Rodulf (Saint Raoul; (Note: His name is also rendered Ralph, Radulph, Radulf or Rudolf.) died 21 June 866) was the archbishop of Bourges from 840 until his death. He is remembered as a skillful diplomat and a proponent of ecclesiastical reform. As a saint, his feast has been celebrated on 21 June.

==Aquitainian nobleman and monk==
Rodulf's family was prominent in the region of Angoumois and he himself possessed lands in the Limousin.
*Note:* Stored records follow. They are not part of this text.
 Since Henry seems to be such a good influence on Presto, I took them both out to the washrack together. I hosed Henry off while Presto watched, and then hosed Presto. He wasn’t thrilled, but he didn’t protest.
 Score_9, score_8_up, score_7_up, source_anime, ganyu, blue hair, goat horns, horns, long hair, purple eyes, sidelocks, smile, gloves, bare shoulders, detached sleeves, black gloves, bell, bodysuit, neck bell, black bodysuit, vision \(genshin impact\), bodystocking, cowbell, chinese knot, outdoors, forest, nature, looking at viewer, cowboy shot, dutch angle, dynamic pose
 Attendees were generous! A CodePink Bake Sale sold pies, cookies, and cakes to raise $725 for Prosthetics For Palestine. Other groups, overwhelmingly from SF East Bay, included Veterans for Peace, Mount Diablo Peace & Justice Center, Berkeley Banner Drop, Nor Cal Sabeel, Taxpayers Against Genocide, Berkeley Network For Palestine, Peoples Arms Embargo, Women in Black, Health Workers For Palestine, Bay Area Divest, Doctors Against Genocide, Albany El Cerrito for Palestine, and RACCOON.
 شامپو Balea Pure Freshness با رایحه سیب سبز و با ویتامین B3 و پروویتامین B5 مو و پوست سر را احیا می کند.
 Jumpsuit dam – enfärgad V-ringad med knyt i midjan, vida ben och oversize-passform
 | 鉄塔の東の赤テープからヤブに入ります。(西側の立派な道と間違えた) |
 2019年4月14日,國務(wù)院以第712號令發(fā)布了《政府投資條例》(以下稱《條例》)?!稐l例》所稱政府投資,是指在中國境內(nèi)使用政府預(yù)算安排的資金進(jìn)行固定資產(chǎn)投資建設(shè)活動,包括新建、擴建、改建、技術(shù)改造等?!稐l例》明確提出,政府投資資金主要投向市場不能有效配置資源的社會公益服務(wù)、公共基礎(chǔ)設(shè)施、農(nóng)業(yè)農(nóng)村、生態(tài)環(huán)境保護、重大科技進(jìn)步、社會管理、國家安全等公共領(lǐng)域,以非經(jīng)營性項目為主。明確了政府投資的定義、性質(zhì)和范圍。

He was named after his father, the count of Turenne (died 844), and he had four brothers and two sisters as well as an unnamed sibling. He entered the monastery of Solignac as a novice in 823.
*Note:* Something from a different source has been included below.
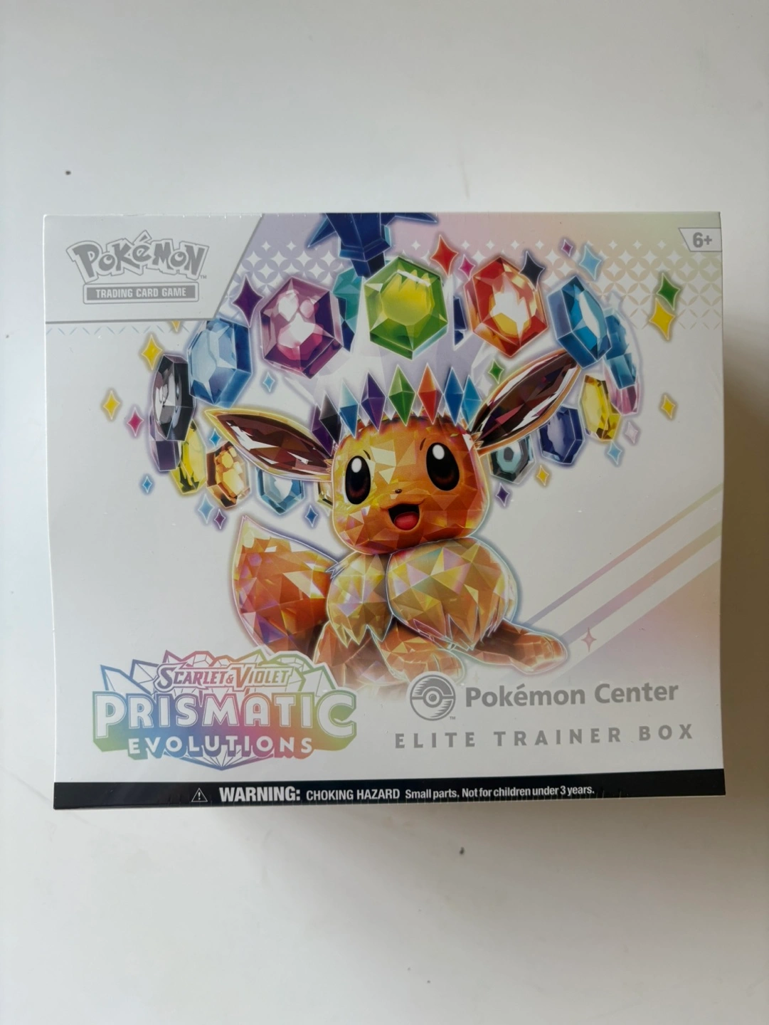 ✨BRAND NEW! SEALED IN ORIGINAL PACKAGING!✨ **bought straight off the Pokémon Center website (can provide proof of email receipt if wanted!) 🤩Scarlet & Violet-Prismatic Evolutions Pokémon Center Elite Trainer Box! From fluffy and fiery to freezing and fanciful, Eevee and its many Evolutions hold a special place in the hearts of Pokémon Trainers across the land! Discover their unique new powers as Stellar Tera Pokémon ex, and look for treasure of your very own across a grand gathering of Pokémon ex from Paldea and beyond. Glittering gems and hidden patterns await at the end of the rainbow in the Pokémon TCG: Scarlet & Violet—Prismatic Evolutions expansion! The Pokémon TCG: Scarlet & Violet—Prismatic Evolutions Pokémon Center Elite Trainer Box includes: 11 Pokémon TCG: Scarlet & Violet—Prismatic Evolutions booster packs Each booster pack contains 10 cards and 1 Basic Energy. Cards vary by pack. 1 full-art foil promo card featuring Eevee with a Pokémon Center logo 1 full-art foil promo card featuring Eevee 65 card sleeves featuring Eevee as a Stellar Tera Pokémon 45 Pokémon TCG Energy cards A player’s guide to the Scarlet & Violet—Prismatic Evolutions expansion 6 damage-counter dice 1 competition-legal coin-flip die 2 plastic condition markers A box to hold everything, with 4 dividers to keep it organized A code card for Pokémon Trading Card Game Live 💰$480 OBO

During the conflict between King Pippin II of Aquitaine and King Charles of West Francia over the inheritance of the Aquitanian kingdom, Rodulf maintained good relations with both claimants, although it is probable that his father fought in the war and is possible that Rodulf himself did as well. Contemporary documents describe him as a "faithful follower" (fidelis) of King Pippin. In late 840 Rodulf was elected as archbishop of Bourges, Since Pippin led an expedition north against Charles' forces in Poitou in September, it generally thought that he was the driving force behind the election of Rodulf and that he successfully extended his authority into the Berri (the region around Bourges), which was as far north as it would ever go. (Note: Charles was personally in control of Bourges in July 840 and January 841, so Pippin's success, if it took place, was short-lived.) One of Pippin's two surviving royal charters is a confirmation to the new archbishop. Yet if the appointment of Rodulf was political on the one hand, the capitulation (capitula) which he signed upon his election "shows that [he] was in the vanguard of the Carolingian reform movement." Shortly after becoming archbishop, Rodulf bought a large piece of land from a certain Boso for 1,500 solidi.

==West Frankish diplomat==
By early May 844, Rodulf had recognised Charles as king in Aquitaine. In that month he visited Charles while the latter was besieging Toulouse and received a charter from him at Charles's headquarters in the monastery of Saint-Sernin. Rodulf attended the council of Ver in December that year. According to the Translatio sancti Germani, Rodulf and Bishop Ebroin of Poitiers played the leading rôles in the negotiations to reconcile Charles and Pippin in the winter of 844–45. Rodulf hosted a conference at the monastery of Fleury in June 845, where Pippin swore fealty to Charles and Charles gave Pippin lordship over most of Aquitaine (the regions of Poitou, Saintonge and Aunis excepted). Later that same month, Rodulf attended the great synod at Meaux with archbishops Wenilo of Sens and Hincmar of Reims. As a reward for his work, Charles granted Rodulf control over Fleury's resources in October 846.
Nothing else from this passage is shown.